_DATASET EXCERPTS_.
= = = = =

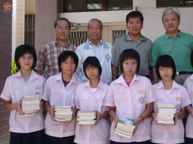 為響應教育部焦點三百兒童閱讀計畫,知識關懷協會贈送金城國中五大箱書籍共三百三十四冊,昨日並由福建省政府委員陳滄江(後排右一)與金城鎮鎮長蔡輝詩(後排右二)代表贈送,他們希望以實際的捐書行動充實該校圖書館資源,讓學子更了解閱讀的好處以及知識的重要性,以提升閱讀素養及語文能力。校長李再杭與教務主任許維民也對於這項贈書行動表示讚許與感謝,認為可以豐富孩子的學習領域。
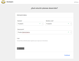 En la siguiente pantalla, en “Redirect url”, debemos colocar https://app.optimocamino.com
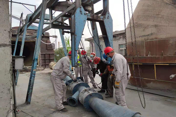 團隊是什么,是為了實現一個共同的目標而集合起來的人。 任何一個人的力量都是渺小的,只有融入團隊,只有與團隊一起奮斗,勁往一處使,你才能實現個人價值的最大化,你才能成就自己的卓越!伴隨副總經理一聲令下,所有人員喊著豪邁的口號,配合吊機的力臂推動著奇重無比的噴煤管一點一點的前行。又一會功夫將回轉窯門緩緩調至檢修現場安全的位置。
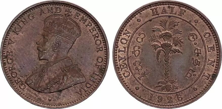 Home > World Coins > Asian Coins > Ceylon > Ceylon 1/2 Cent Georges V - 1926 - XF to AU - KM.106
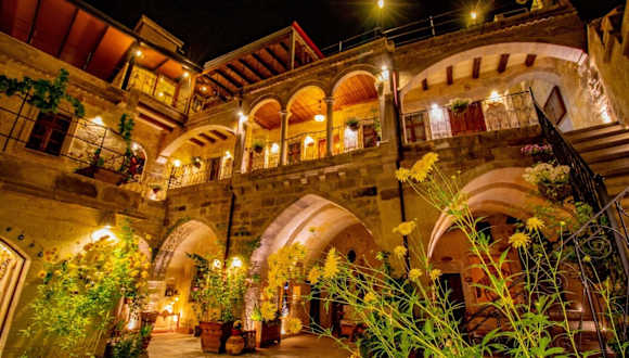 Das Aren Cave Hotel in Göreme ist ein familiengeführtes Hotel im Zentrum der Stadt. Es bietet klimatisierte Zimmer, kostenfreies WLAN und kostenlose Privatparkplätze. Die Lage ist ideal, da der Aussichtspunkt für Sonnenuntergänge, der Busbahnhof, Geschäfte, Cafés, Banken und Restaurants zu Fuß erreichbar sind. Die Zimmer sind schallisoliert und verfügen über Steinmauern, Heizung, einen Wasserkocher und einen TV. Einige Zimmer bieten auch einen gemütlichen Sitzbereich. Traditionelle Details wie Kelims und Keramikfliesen sorgen für ein authentisches Ambiente. Genießen Sie ein Frühstück mit Bergblick auf der Gemeinschaftsterrasse. Das Hotel bietet einen kostenlosen Shuttleservice vom Busbahnhof zur Unterkunft. Darüber hinaus können Sie Fahrräder und Autos mieten, um die Umgebung zu erkunden. Kapadokya ist 3,5 km entfernt, Ürgüp 7 km und der Flughafen Nevşehir Kapadokya 29 km.
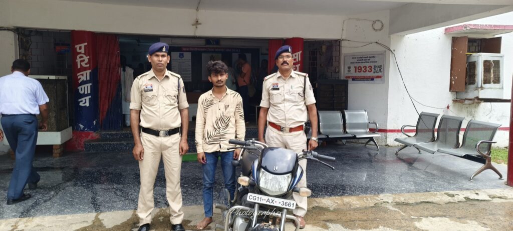 को शिवरीनारायण से पकडा गया जिसे अभिरक्षा में लेकर घटना के संबंध में पुछताछ किया गया जो जुर्म करना स्वीकार किया एवं चोरी किए मोटर सायकल बरामद किया गया।
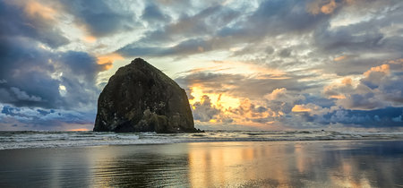 A view of the famous Haystack Rock Monolith in Cannon Beach, Oregon.
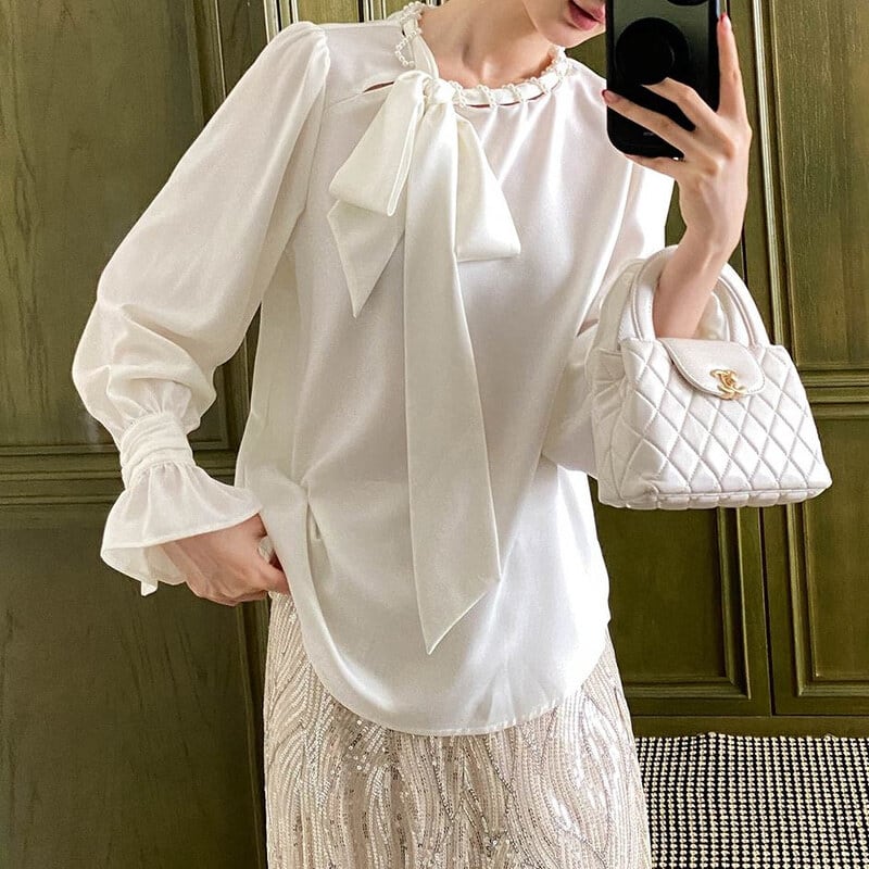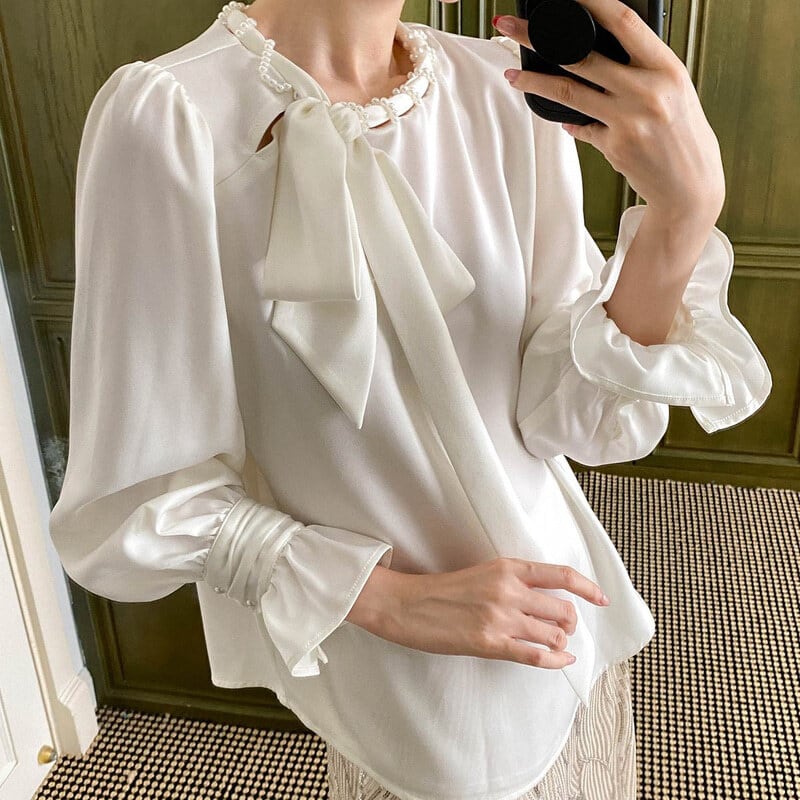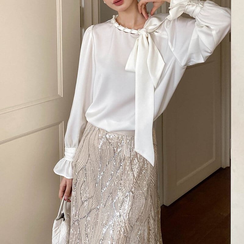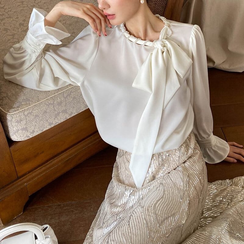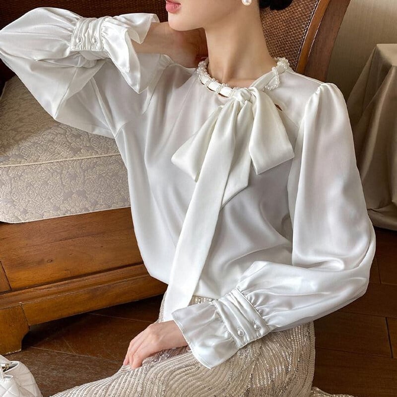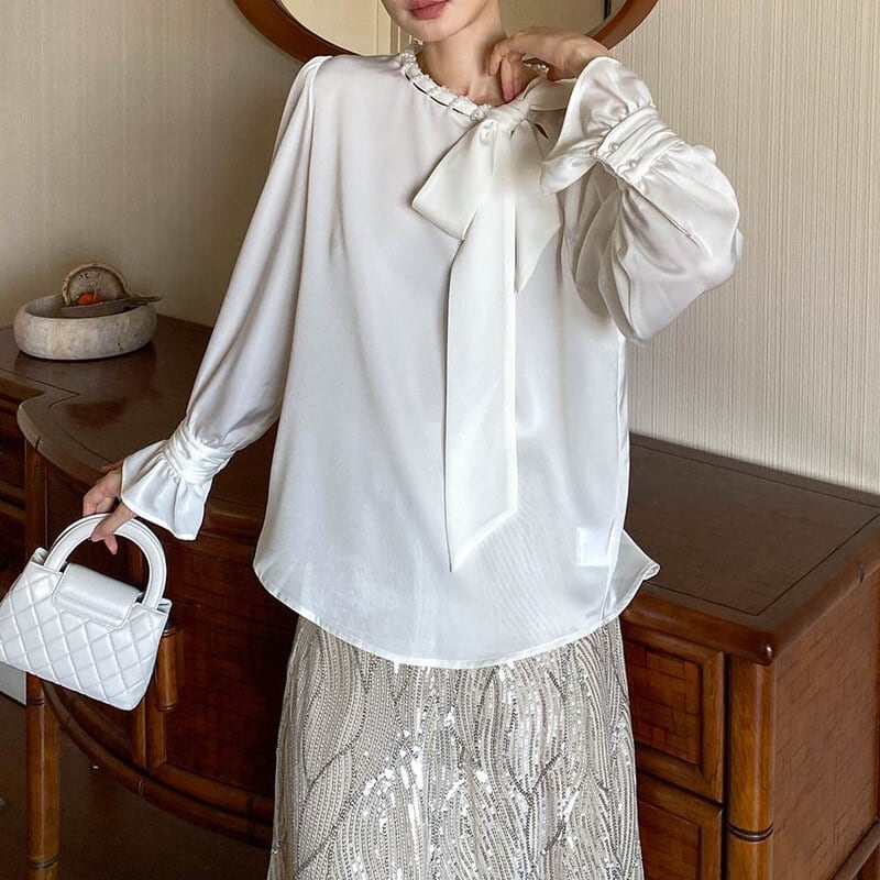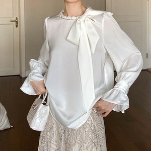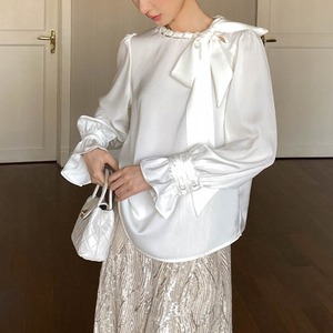 Satin bowtie blouse M671
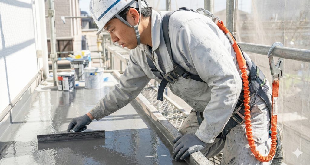 防水塗装は、ベランダや屋上などからの雨水の侵入を防ぐ工事です。水漏れや下地の腐食を防ぎ、建物を長く安全に使用するために重要です。
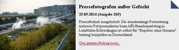 AfD-Parteitage sind offenbar gut für Premieren in der deutschen Pressegeschichte. Im vergangenen November schloss die Landespartei sämtliche Journalisten von ihrem Parteitag in Kehl aus. Das war so ungewöhnlich, dass sich nicht einmal Verfassungsrechtler einig waren, ob das nun widerrechtlich sei oder nicht. Und beim AfD-Bundesparteitag am 30. April in Leinfelden-Echterdingen nahm die Polizei teils bis zu zwölf Stunden lang mehrere Pressefotografen in Gewahrsam, die die Proteste gegen die Veranstaltung dokumentieren wollten. Weil sie zu diesem Zweck auch den Demonstranten über ein blockiertes Autobahnstück gefolgt waren, wurden sie wegen angeblicher Blockadebeteiligung festgesetzt, obwohl sie sich alle mit Presseausweisen als Journalisten ausweisen konnten. Als bislang beispiellosen Fall in Deutschland sah die Organisation Reporter ohne Grenzen eine derart lange Ingewahrsamnahme von Journalisten, und auch Siegfried Heim, für die Gewerkschaft Verdi Landesfachbereichsleiter Medien, nannte es eine "einmalige Geschichte".
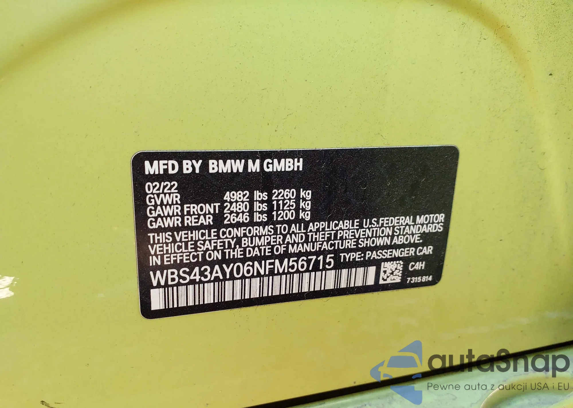 VIN: WBS43AY06NFM56715
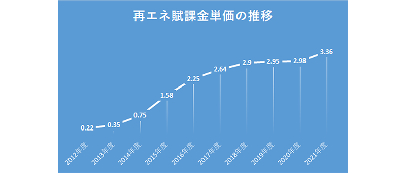 賦課金単価は国の委員会にて年ごとに決定し、毎年5月から新単価に移行する。再エネ普及が進むにつれ、年々単価は上昇している。
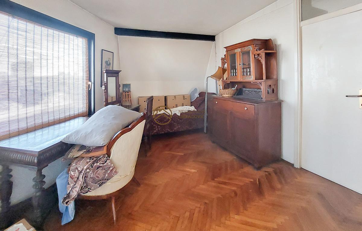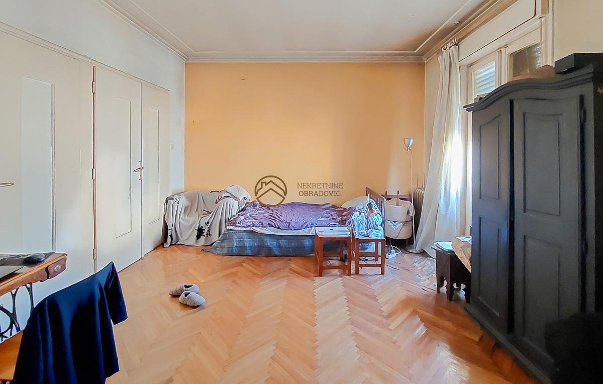 Spavaca soba je velika i vec postoje dvoje ulaznih vrata, tako da jednim pregradnim zidom se lako prave dve sobe.

= = = = =

_EXERCISE_. No pictures belong in the output. Restate word for word only the lines from the one containing "AfD-Parteitage sind offenbar" to the end of the entries above.

_SOLUTION FOR THIS PROBLEM_.
 AfD-Parteitage sind offenbar gut für Premieren in der deutschen Pressegeschichte. Im vergangenen November schloss die Landespartei sämtliche Journalisten von ihrem Parteitag in Kehl aus. Das war so ungewöhnlich, dass sich nicht einmal Verfassungsrechtler einig waren, ob das nun widerrechtlich sei oder nicht. Und beim AfD-Bundesparteitag am 30. April in Leinfelden-Echterdingen nahm die Polizei teils bis zu zwölf Stunden lang mehrere Pressefotografen in Gewahrsam, die die Proteste gegen die Veranstaltung dokumentieren wollten. Weil sie zu diesem Zweck auch den Demonstranten über ein blockiertes Autobahnstück gefolgt waren, wurden sie wegen angeblicher Blockadebeteiligung festgesetzt, obwohl sie sich alle mit Presseausweisen als Journalisten ausweisen konnten. Als bislang beispiellosen Fall in Deutschland sah die Organisation Reporter ohne Grenzen eine derart lange Ingewahrsamnahme von Journalisten, und auch Siegfried Heim, für die Gewerkschaft Verdi Landesfachbereichsleiter Medien, nannte es eine "einmalige Geschichte".
 VIN: WBS43AY06NFM56715
 賦課金単価は国の委員会にて年ごとに決定し、毎年5月から新単価に移行する。再エネ普及が進むにつれ、年々単価は上昇している。
 Spavaca soba je velika i vec postoje dvoje ulaznih vrata, tako da jednim pregradnim zidom se lako prave dve sobe.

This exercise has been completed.